### [TRY IT]
Starting with the line with "Extremely well presented" in the entries below and going on through the line with "Creolen aus 750", output every line exactly and nothing more. No pictures.

### [SUPPLIED ENTRIES]
::::
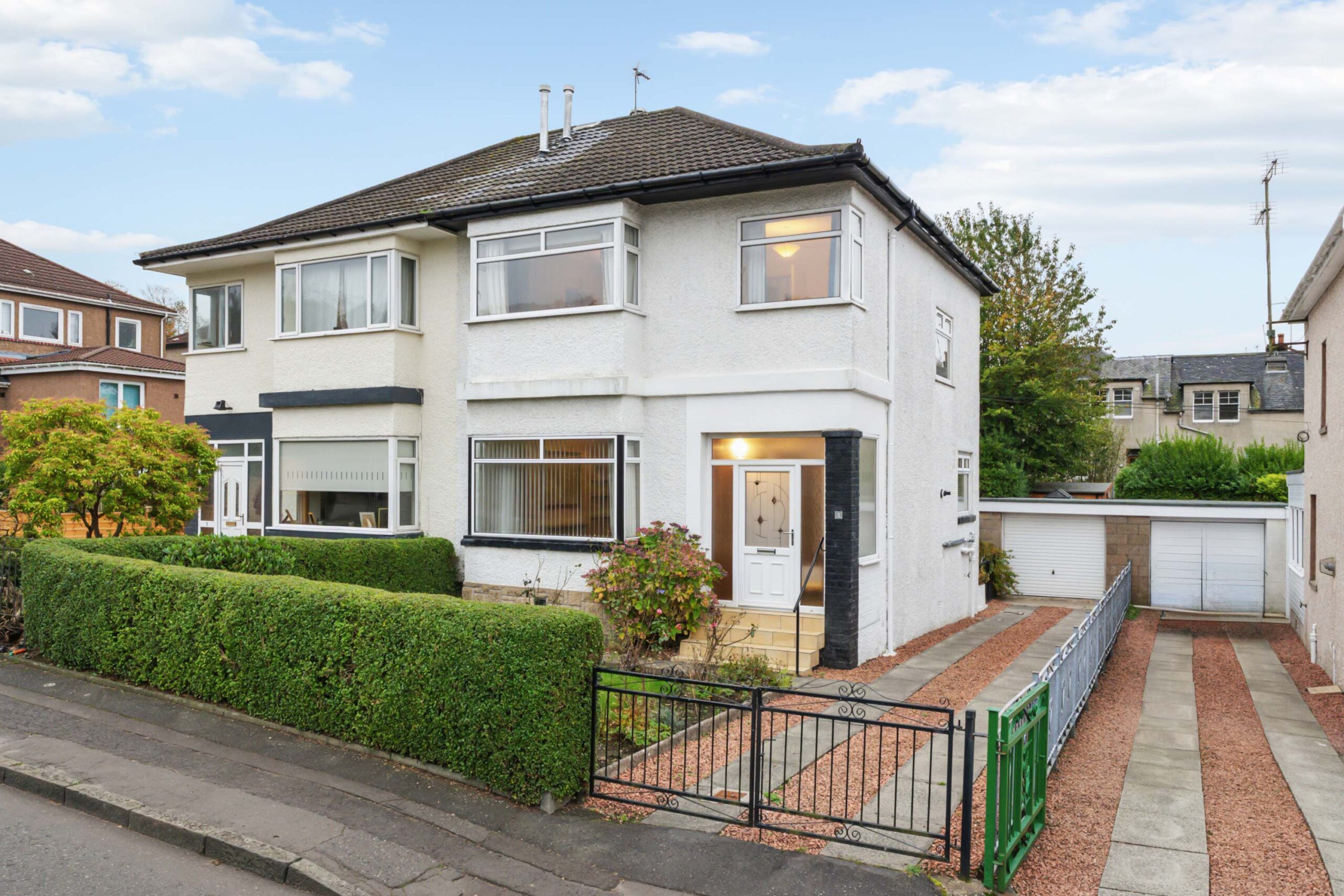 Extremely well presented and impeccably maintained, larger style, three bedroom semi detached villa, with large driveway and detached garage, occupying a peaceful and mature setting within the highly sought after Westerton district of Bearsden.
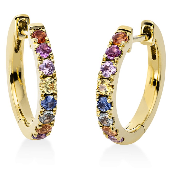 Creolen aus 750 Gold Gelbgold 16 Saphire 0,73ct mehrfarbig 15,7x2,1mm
::::
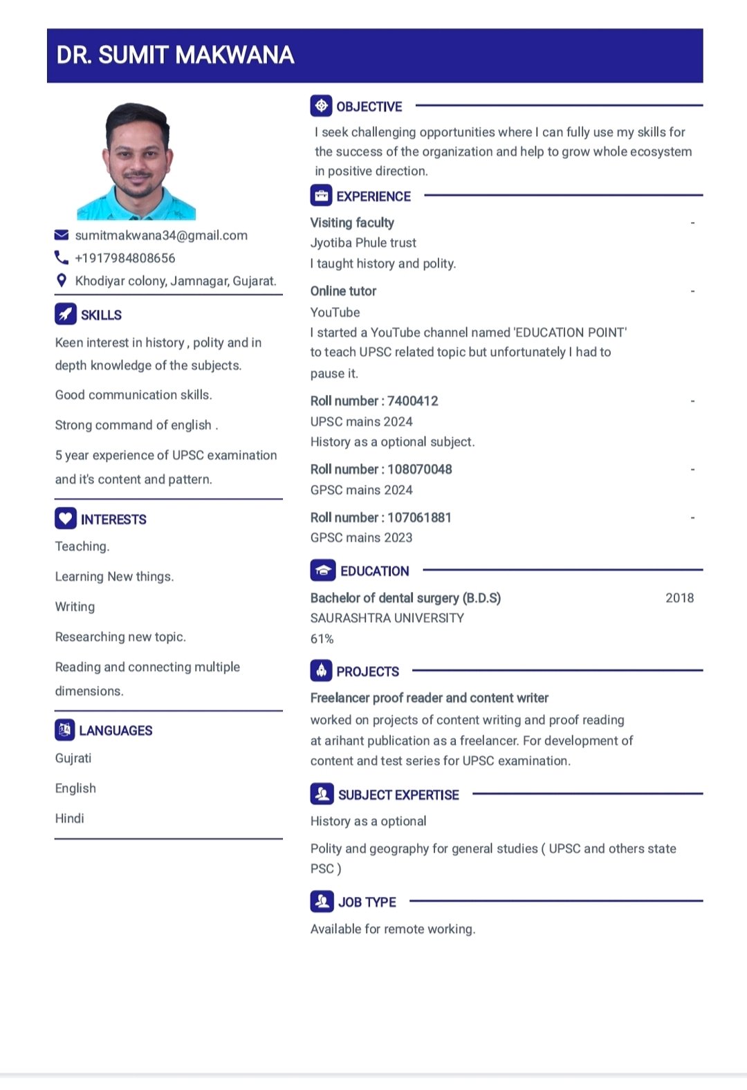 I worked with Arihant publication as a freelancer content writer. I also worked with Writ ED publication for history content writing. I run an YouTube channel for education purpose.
::::
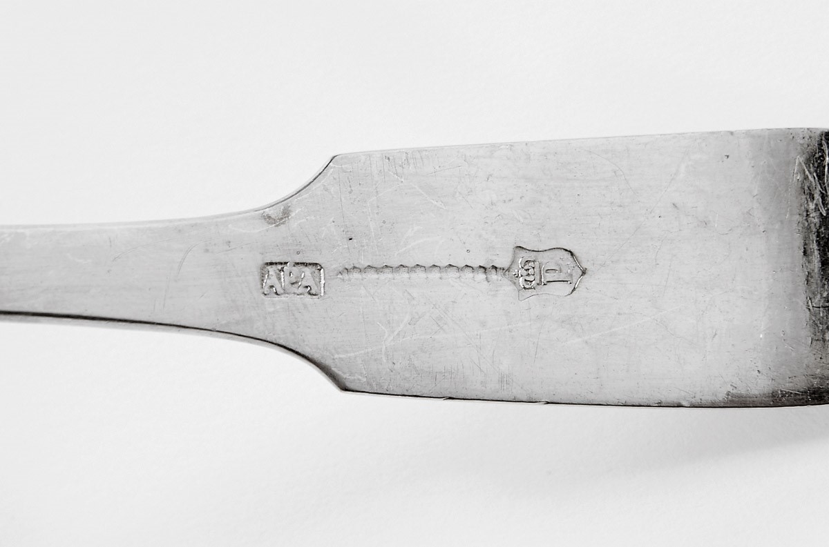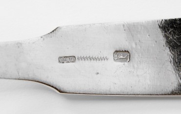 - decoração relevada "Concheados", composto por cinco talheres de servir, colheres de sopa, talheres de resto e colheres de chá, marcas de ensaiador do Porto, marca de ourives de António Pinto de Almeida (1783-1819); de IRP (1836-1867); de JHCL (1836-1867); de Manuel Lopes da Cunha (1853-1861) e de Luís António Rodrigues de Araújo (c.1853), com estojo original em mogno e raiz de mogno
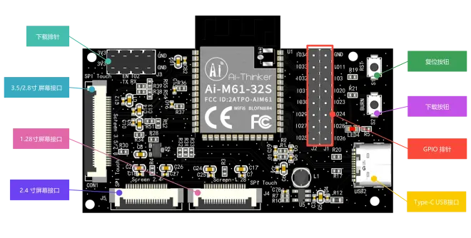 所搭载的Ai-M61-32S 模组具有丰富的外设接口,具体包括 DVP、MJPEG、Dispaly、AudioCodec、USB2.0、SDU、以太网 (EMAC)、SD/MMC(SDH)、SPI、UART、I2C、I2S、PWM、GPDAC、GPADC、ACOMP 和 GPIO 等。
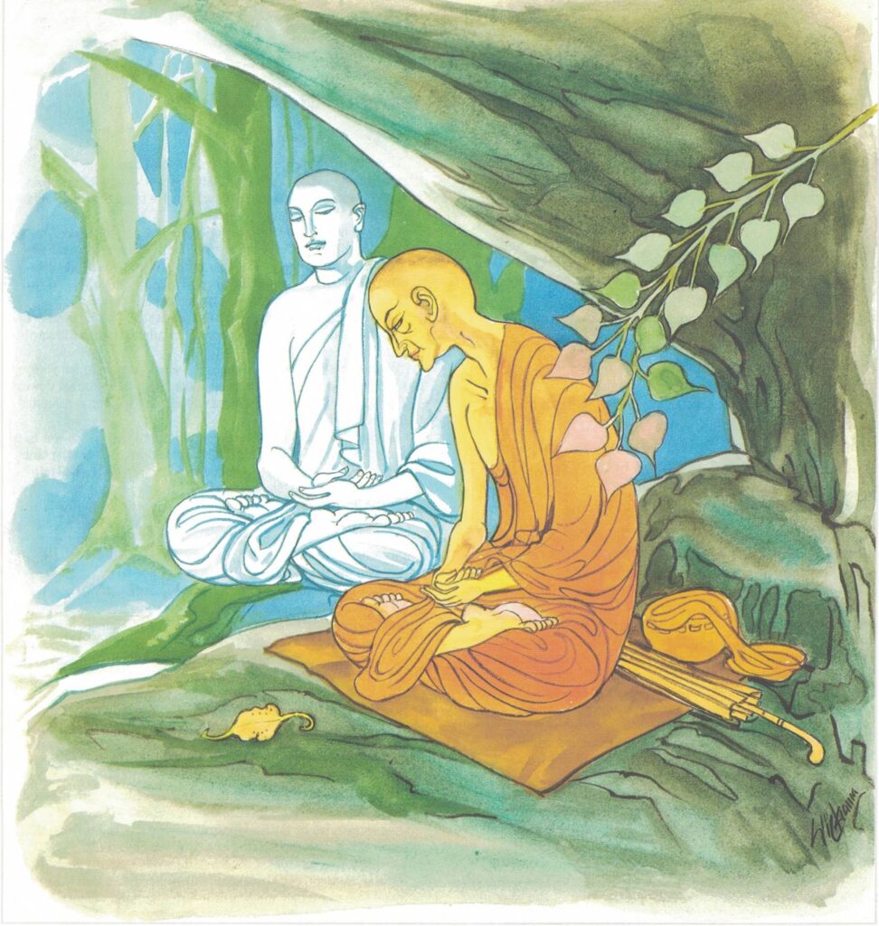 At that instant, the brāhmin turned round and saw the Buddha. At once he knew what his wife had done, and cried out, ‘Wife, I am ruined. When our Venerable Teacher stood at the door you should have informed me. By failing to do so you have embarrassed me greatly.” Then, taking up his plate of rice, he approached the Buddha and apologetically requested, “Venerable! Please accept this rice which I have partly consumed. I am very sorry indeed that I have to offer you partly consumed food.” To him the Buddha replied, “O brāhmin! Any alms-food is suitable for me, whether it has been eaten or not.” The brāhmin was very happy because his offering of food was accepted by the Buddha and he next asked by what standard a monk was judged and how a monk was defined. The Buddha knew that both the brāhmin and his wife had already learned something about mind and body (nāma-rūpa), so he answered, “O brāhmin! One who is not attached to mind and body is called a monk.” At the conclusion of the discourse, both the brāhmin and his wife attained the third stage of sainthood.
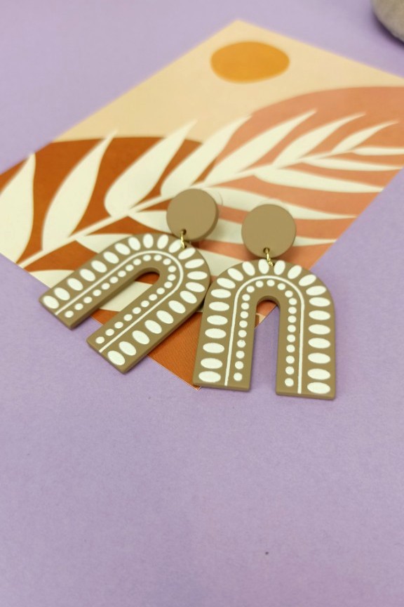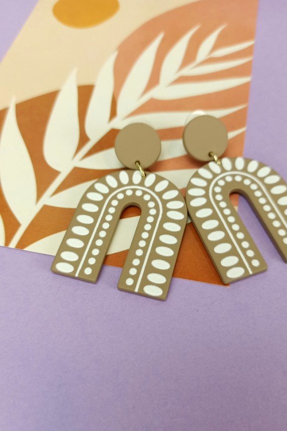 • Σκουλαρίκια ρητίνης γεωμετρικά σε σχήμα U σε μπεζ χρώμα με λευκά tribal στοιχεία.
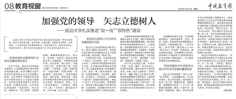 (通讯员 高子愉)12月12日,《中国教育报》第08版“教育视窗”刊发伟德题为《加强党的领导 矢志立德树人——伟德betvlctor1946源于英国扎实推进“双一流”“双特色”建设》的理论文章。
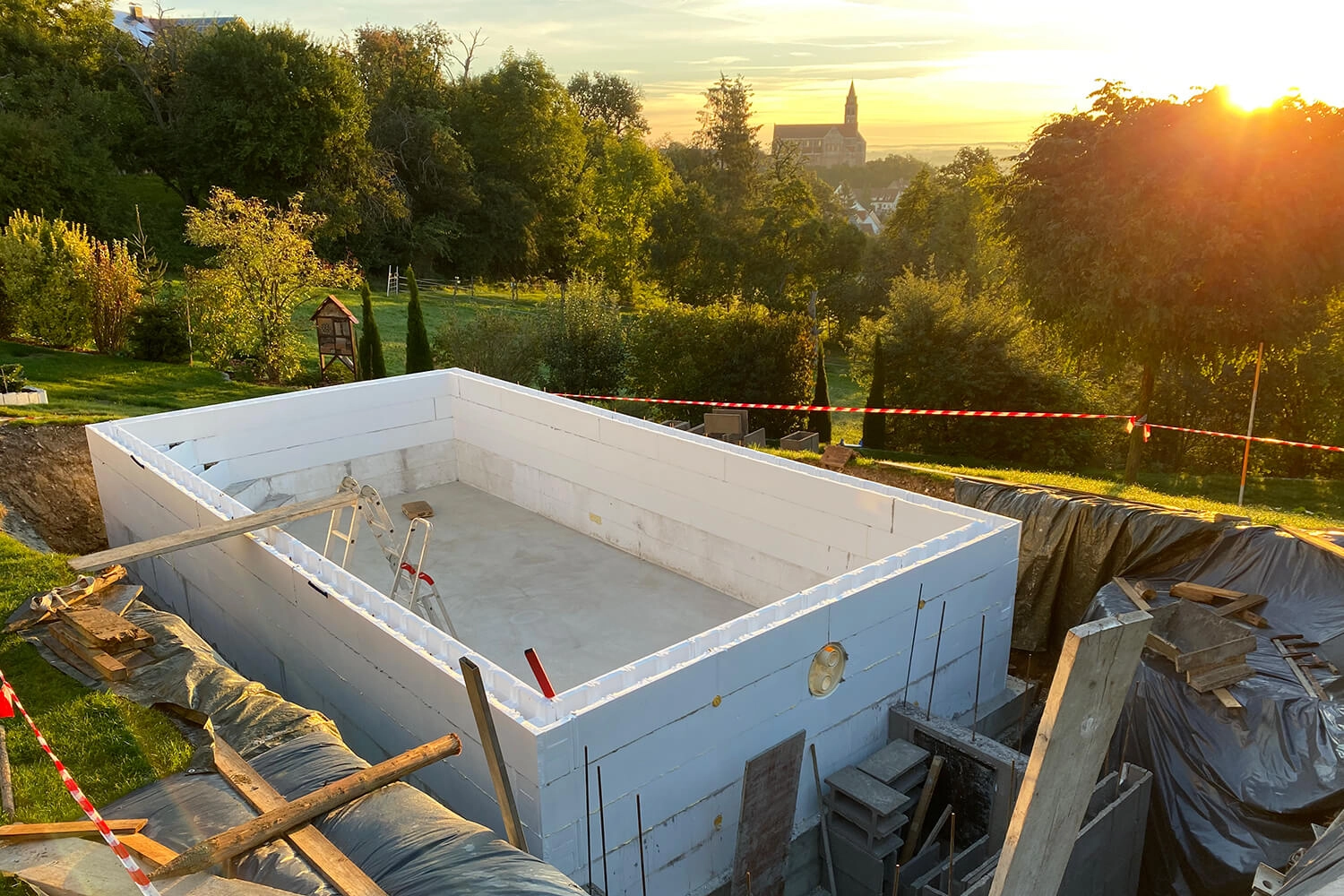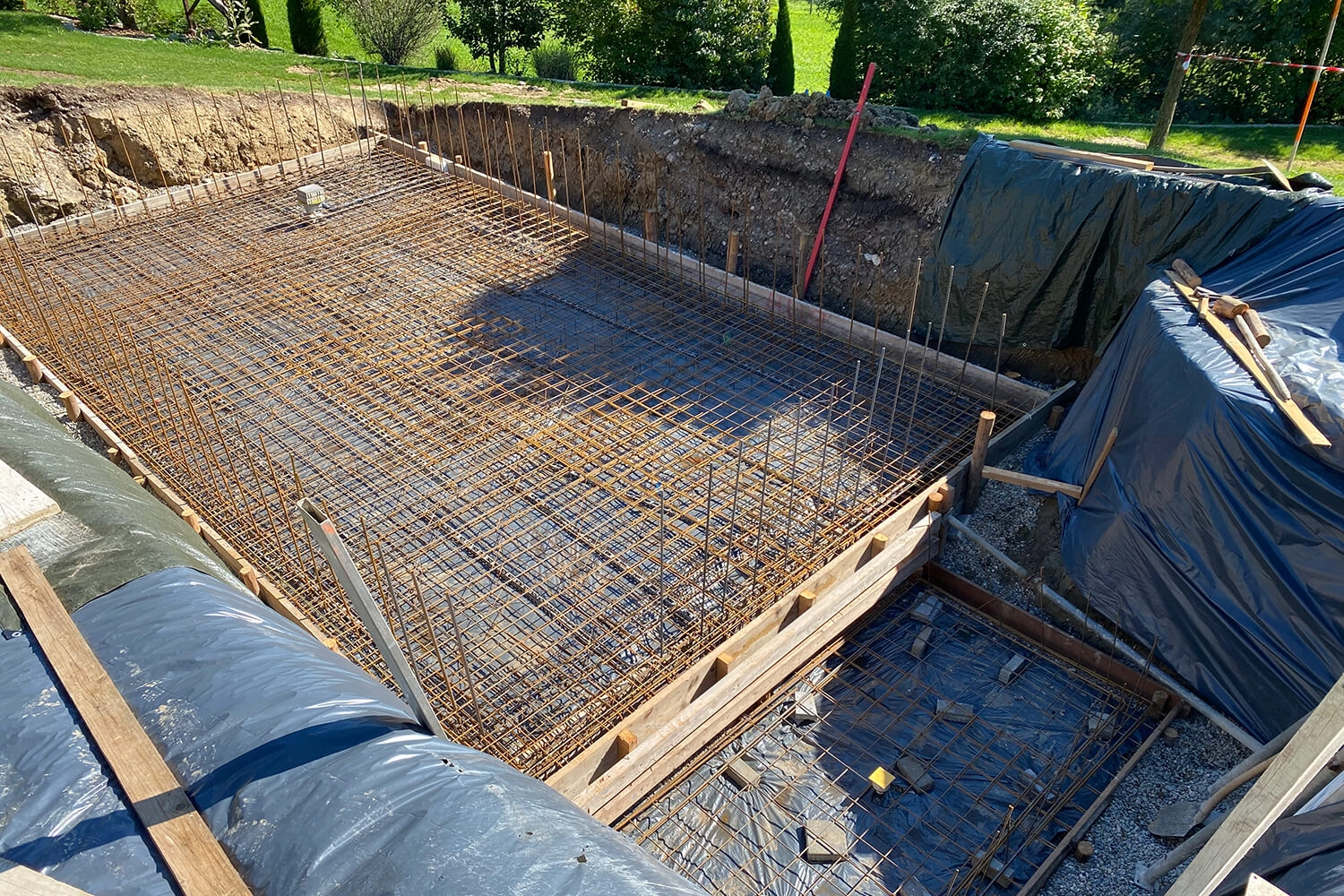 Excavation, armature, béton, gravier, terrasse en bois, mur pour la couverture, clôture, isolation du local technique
::::
### [ANSWER]
 Extremely well presented and impeccably maintained, larger style, three bedroom semi detached villa, with large driveway and detached garage, occupying a peaceful and mature setting within the highly sought after Westerton district of Bearsden.
 Creolen aus 750 Gold Gelbgold 16 Saphire 0,73ct mehrfarbig 15,7x2,1mm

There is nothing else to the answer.